"ShinyHunters claims it stole 3.65 TB of data, including about 275 million records from about 8,800 schools," the extortion group said — and has given institutions until end-of-day May 12 to contact it or face publication of the dataset.
Instructure acknowledges two separate intrusions into Canvas
Instructure, the maker of the Canvas learning platform, confirmed two rounds of unauthorized activity affecting Canvas within two weeks. In a security incident update the company apologized for the disruption that occurred "when Canvas went offline last Thursday, leaving thousands of colleges, universities, and K-12 schools without access to course materials, grades, and due dates during final exams and Advanced Placement testing for many."
The company said it first "detected unauthorized activity in Canvas" on April 29, immediately revoked the intruder's access, and launched a probe. On May 7, Instructure identified "additional unauthorized activity tied to the same incident." In its Monday disclosure the firm said criminals exploited a vulnerability in its Free-for-Teacher learning system and that intruders stole information including usernames, email addresses, course names, enrollment information, and messages.
Instructure added that "Core learning data (course content, submissions, credentials) was not compromised," and that it was "still validating all findings, but we want to be clear about what we understand was and wasn't affected."
ShinyHunters: defacements, claims, and a pay-or-leak deadline
The attack has been tied by the extortion group ShinyHunters, which defaced roughly 330 Canvas school login portals by exploiting the same Free-for-Teacher vulnerability.
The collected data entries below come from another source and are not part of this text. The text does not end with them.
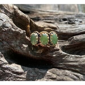 14K Gold and Nephrite Jade 3 Stone Ring Vintage Size 6
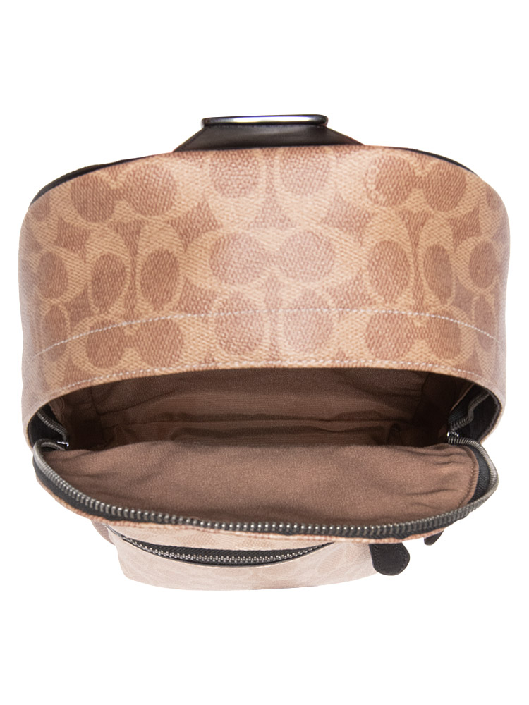 Made of signature coated canvas and smooth leather. The bag features a zip closure that opens to fabric lining with interior one slip pocket and exterior one zip pocket at front.
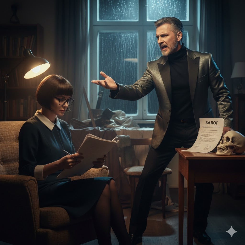 — Я помогу вам прижать его так, что он отдаст всё до копейки. Но вы оставите квартиру мне. Я напишу вам сценарий, по которому он сам приползёт к вам с деньгами. Вы ведь знаете, что актёры — самые трусливые люди на свете, когда дело доходит до настоящей драмы?
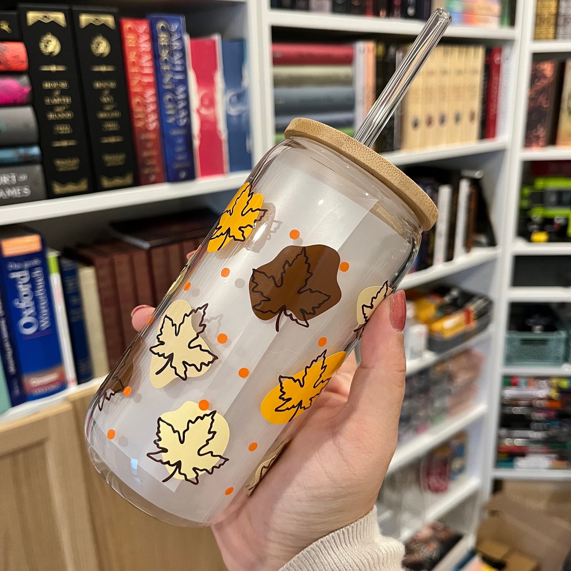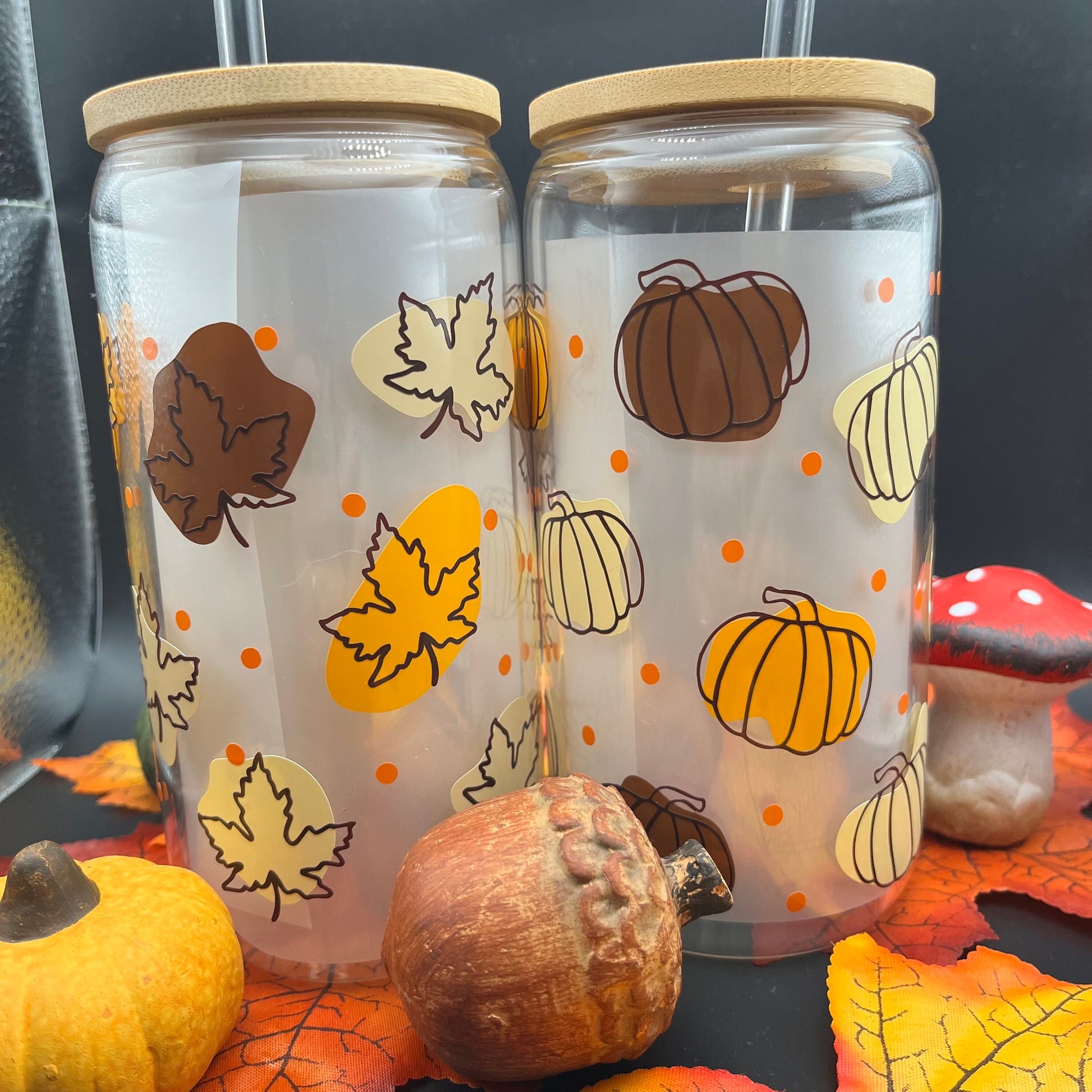 Autumn Glass Tumbler | Herbstliches Trinkglas | Glas mit Bambusdeckel und Strohhalm

The group claims to have stolen 3.65 TB of data encompassing about 275 million students, teachers, and staff across nearly 9,000 schools — naming Harvard, Columbia, Rutgers, Georgetown, and Stanford among the affected institutions.
ShinyHunters repeatedly moved a pay-or-leak timetable and, according to the source material, has set a final deadline of end-of-day May 12 for individual institutions to contact the group directly to negotiate payment. The group warned it will publish the full dataset if its terms are not met.
Operational impact on schools and timing during exams
The outage occurred at a sensitive time: Instructure acknowledged that outages coincided with final exams and Advanced Placement testing for many schools. Canvas being "fully back online and available for use" was reported by the company as of Saturday, but that restoration followed days in which students and educators lost access to schedules, grades, and course materials.
ShinyHunters' portal defacements — around 330 login pages — were a visible external symptom that prompted Instructure to take Canvas "into maintenance mode to contain the activity."
Instructure's technical and investigative response
Instructure said it temporarily shut down Free-for-Teacher accounts and took a series of containment and remediation steps: it revoked privileged credentials and access tokens tied to compromised systems, rotated internal keys, restricted token creation pathways, and added monitoring across all platforms. The company engaged CrowdStrike to assist with forensic analysis and incident response.
Instructure also reported notifying the FBI — which published its own alert on social media — and the US Cybersecurity and Infrastructure Security Agency. The company noted this is its second breach in less than a year and addressed a prior incident: ShinyHunters claimed to have breached Instructure's Salesforce environment in September 2025. Instructure said "The prior Salesforce-related incident and this Canvas security incident are distinct events involving different systems and circumstances."
What this means for technologists, colleges and K‑12 districts, and federal agencies
- Technologists and security teams: Expect to watch for further forensic findings from CrowdStrike and Instructure's validation process, and to prioritize revocation and rotation of credentials, token and key management, and expanded monitoring — the exact steps Instructure reported taking.
- Colleges, universities, and K‑12 districts: Institutions named by ShinyHunters (including Harvard, Columbia, Rutgers, Georgetown, and Stanford) and the nearly 9,000 schools the group says are affected face the immediate decision the attackers have forced: whether to engage directly by the May 12 deadline or prepare for potential publication of records that the group claims to hold.
- Federal agencies and law enforcement: The FBI and CISA were notified by Instructure and, per the company, the FBI published an alert on social media; both agencies are positioned as the official recipients of incident notifications and prospective investigators as Instructure and external responders continue their work.
The breach leaves two stark facts on the table: Instructure says core learning artifacts and credentials were not taken, while ShinyHunters claims a vast trove of personal and enrollment data and has set a hard deadline for direct, institution-level contact. With the dataset — if real — said to include hundreds of millions of records and with schools already reporting logistical disruption during exams, the immediate choices for affected institutions and the effectiveness of the firm's containment measures will determine whether the incident remains primarily a service outage or becomes a much wider data-exposure event.